# HOW TO COMPLETE THIS TASK
Copy out exactly the lines spanning the line with "我國新疆往西,山腳下一個個山" to the line with "6月11日,新密市第二高中。", inclusive, from the data underneath, with no pictures.

# EXCERPTED DATA
—————

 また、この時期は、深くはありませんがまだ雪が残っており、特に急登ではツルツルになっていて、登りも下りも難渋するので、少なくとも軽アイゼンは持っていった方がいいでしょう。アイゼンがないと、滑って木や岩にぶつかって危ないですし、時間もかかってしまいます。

—————

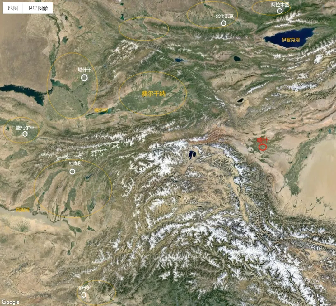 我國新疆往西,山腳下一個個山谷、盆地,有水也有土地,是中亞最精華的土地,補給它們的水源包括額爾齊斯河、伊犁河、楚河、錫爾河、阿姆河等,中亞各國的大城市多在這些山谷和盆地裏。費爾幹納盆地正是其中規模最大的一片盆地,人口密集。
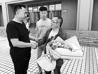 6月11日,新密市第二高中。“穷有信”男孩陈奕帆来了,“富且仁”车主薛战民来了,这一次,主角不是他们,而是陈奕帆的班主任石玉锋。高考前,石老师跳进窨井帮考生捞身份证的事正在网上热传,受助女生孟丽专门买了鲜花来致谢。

—————

# RESPONSE
 我國新疆往西,山腳下一個個山谷、盆地,有水也有土地,是中亞最精華的土地,補給它們的水源包括額爾齊斯河、伊犁河、楚河、錫爾河、阿姆河等,中亞各國的大城市多在這些山谷和盆地裏。費爾幹納盆地正是其中規模最大的一片盆地,人口密集。
 6月11日,新密市第二高中。“穷有信”男孩陈奕帆来了,“富且仁”车主薛战民来了,这一次,主角不是他们,而是陈奕帆的班主任石玉锋。高考前,石老师跳进窨井帮考生捞身份证的事正在网上热传,受助女生孟丽专门买了鲜花来致谢。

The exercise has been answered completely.